The server needs to be restarted for the changes to take effect. Additionally you need to setup a PostgreSQL user with the same username as the local user and give it trust or ident in your hba file. Or you can export $PGUSER and $PGPASSWORD before running tests.

Testing hstore on 9.0

PostgreSQL versions 9.0 does not have the CREATE EXTENSION commands. This means we have to locate the postgres installation and run the hstore.sql in contrib to install hstore. Below is an example command to test 9.0 on OS X with homebrew installed postgres:

$ PGVERSION=9.0 PGPATH=/usr/local/share/postgresql9/ mix test

License

Copyright 2013 Eric Meadows-Jönsson

Licensed under the Apache License, Version 2.0 (the "License"); you may not use this file except in compliance with the License.
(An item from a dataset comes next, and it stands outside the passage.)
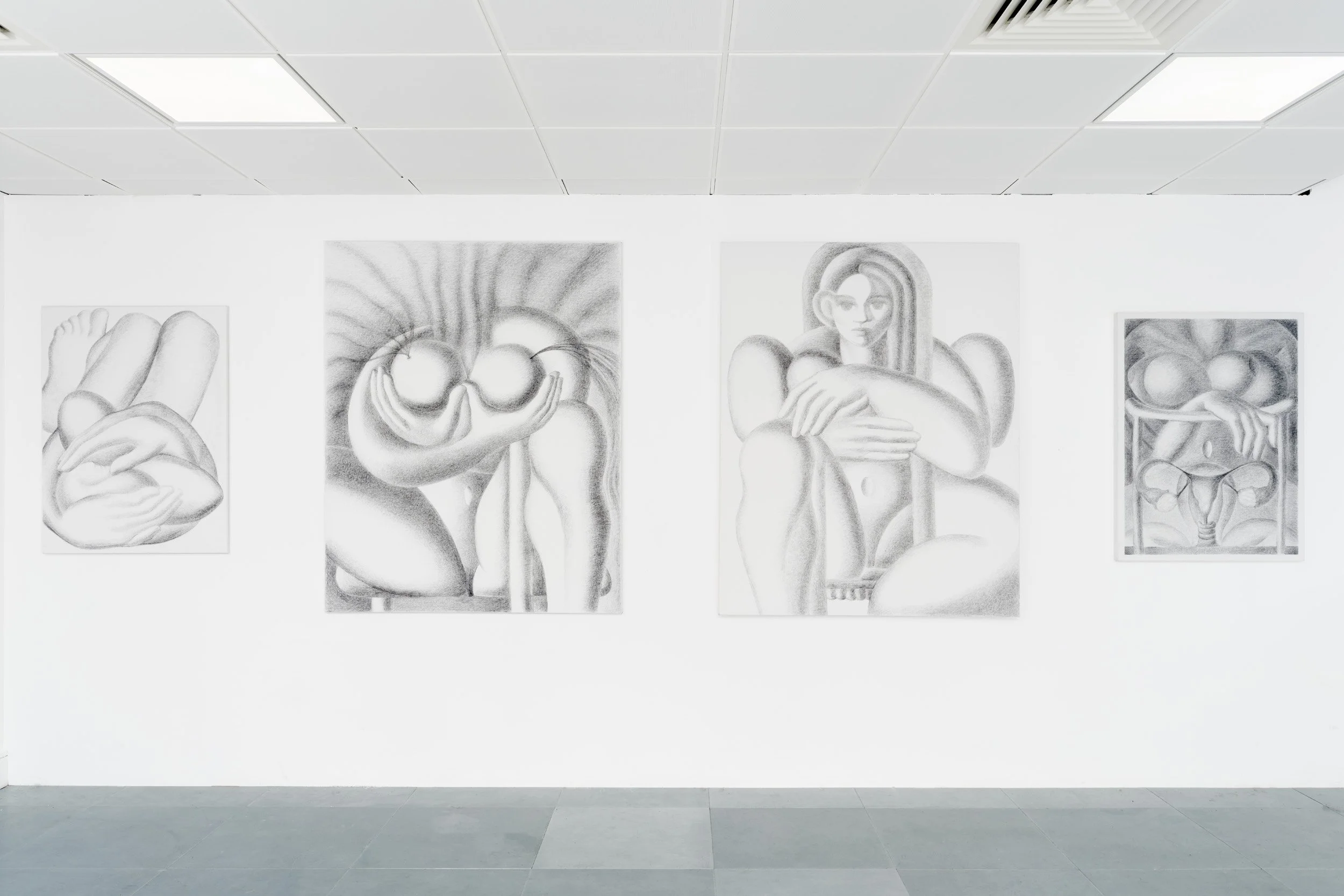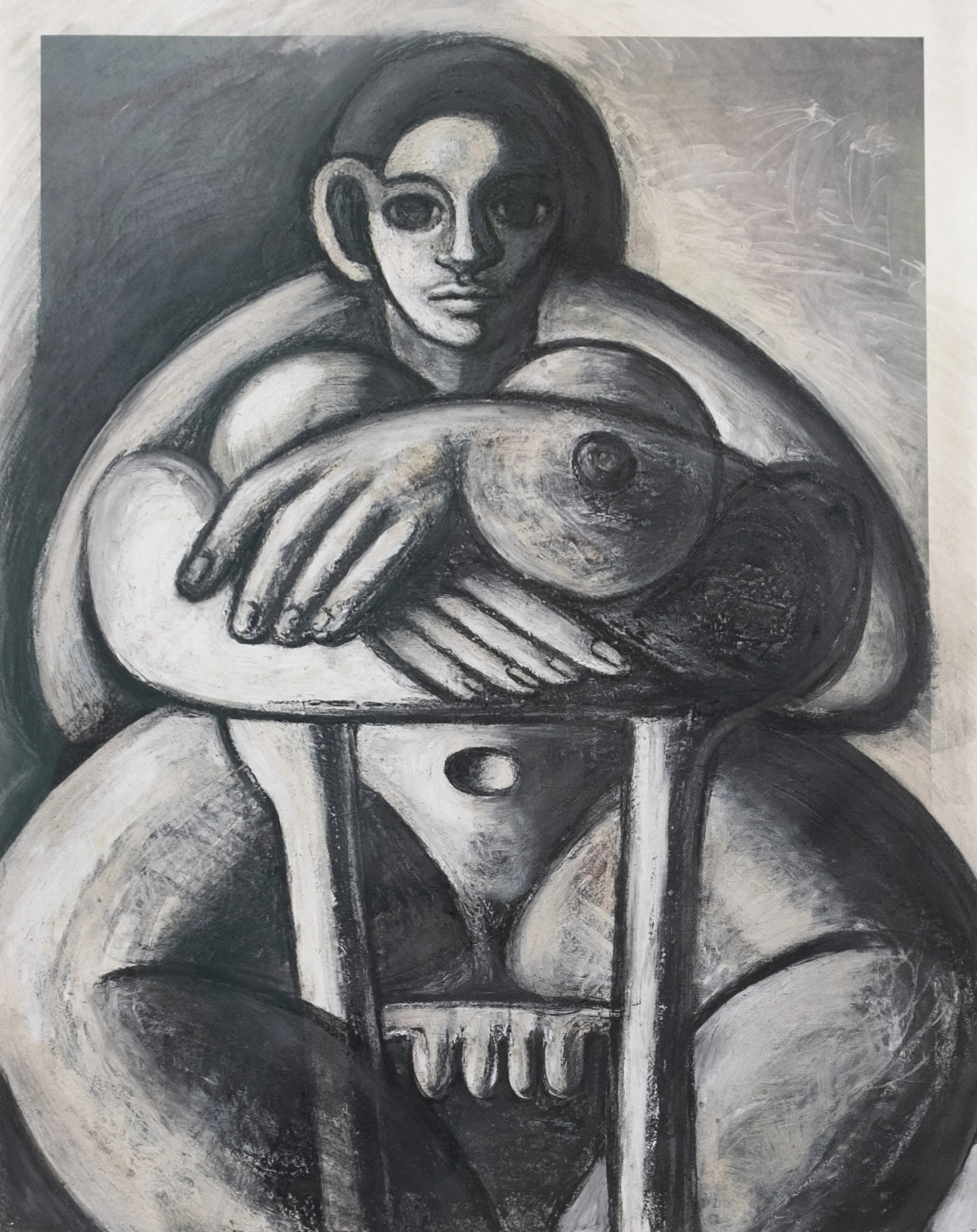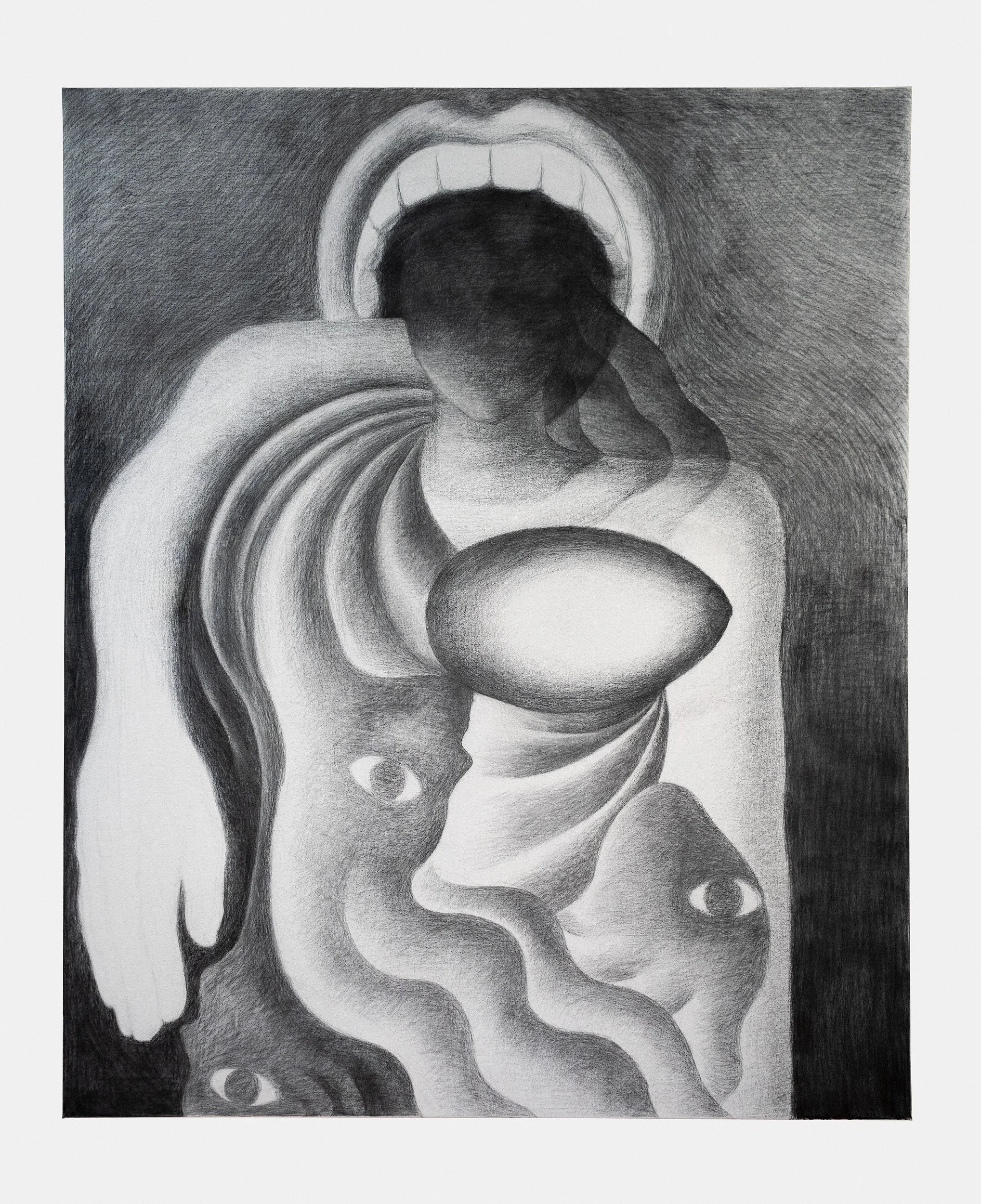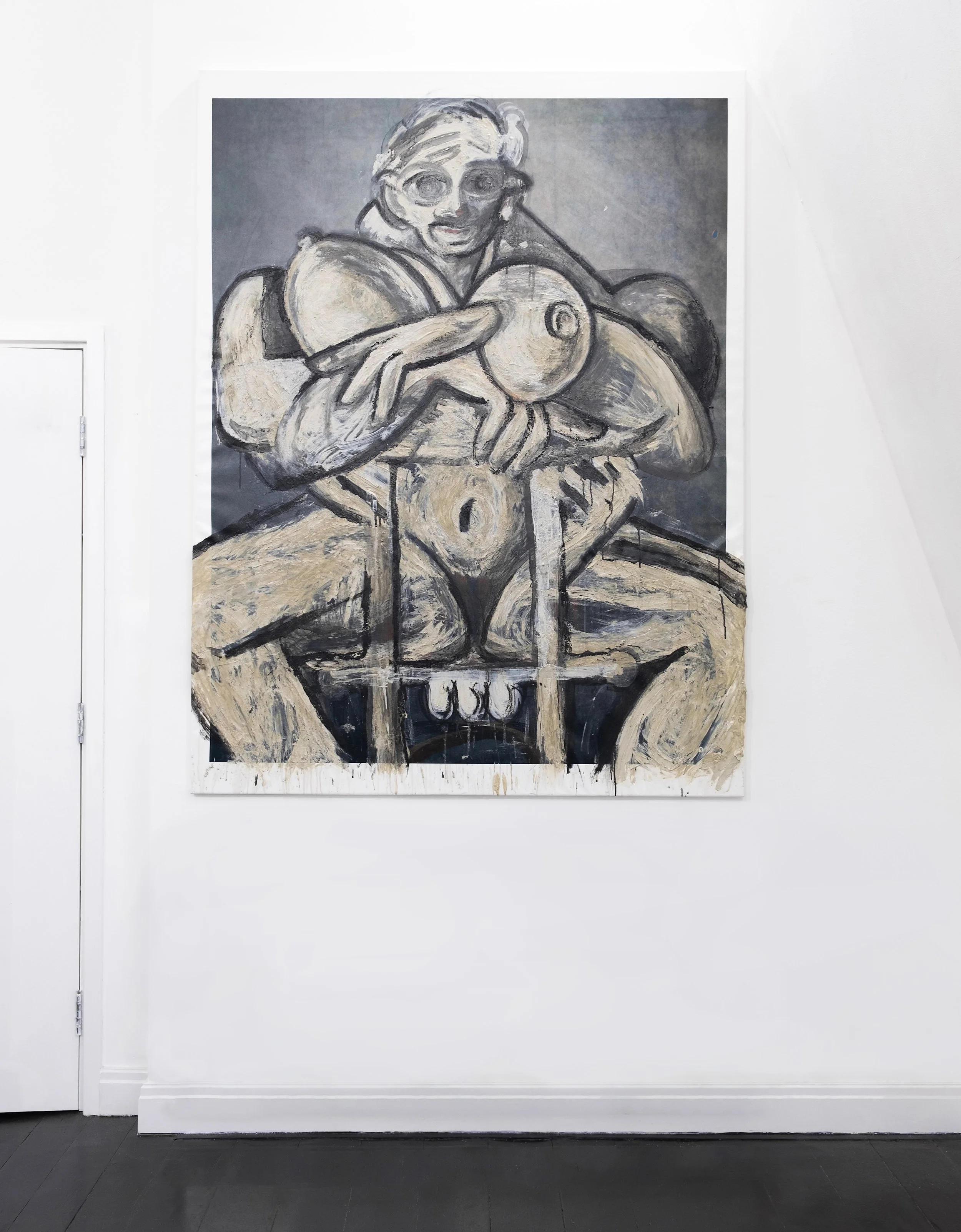 Oil, clay, wall filler, PVA, graphite on printed canvas

You may obtain a copy of the License at

http://www.apache.org/licenses/LICENSE-2.0

Unless required by applicable law or agreed to in writing, software distributed under the License is distributed on an "AS IS" BASIS, WITHOUT WARRANTIES OR CONDITIONS OF ANY KIND, either express or implied. See the License for the specific language governing permissions and limitations under the License.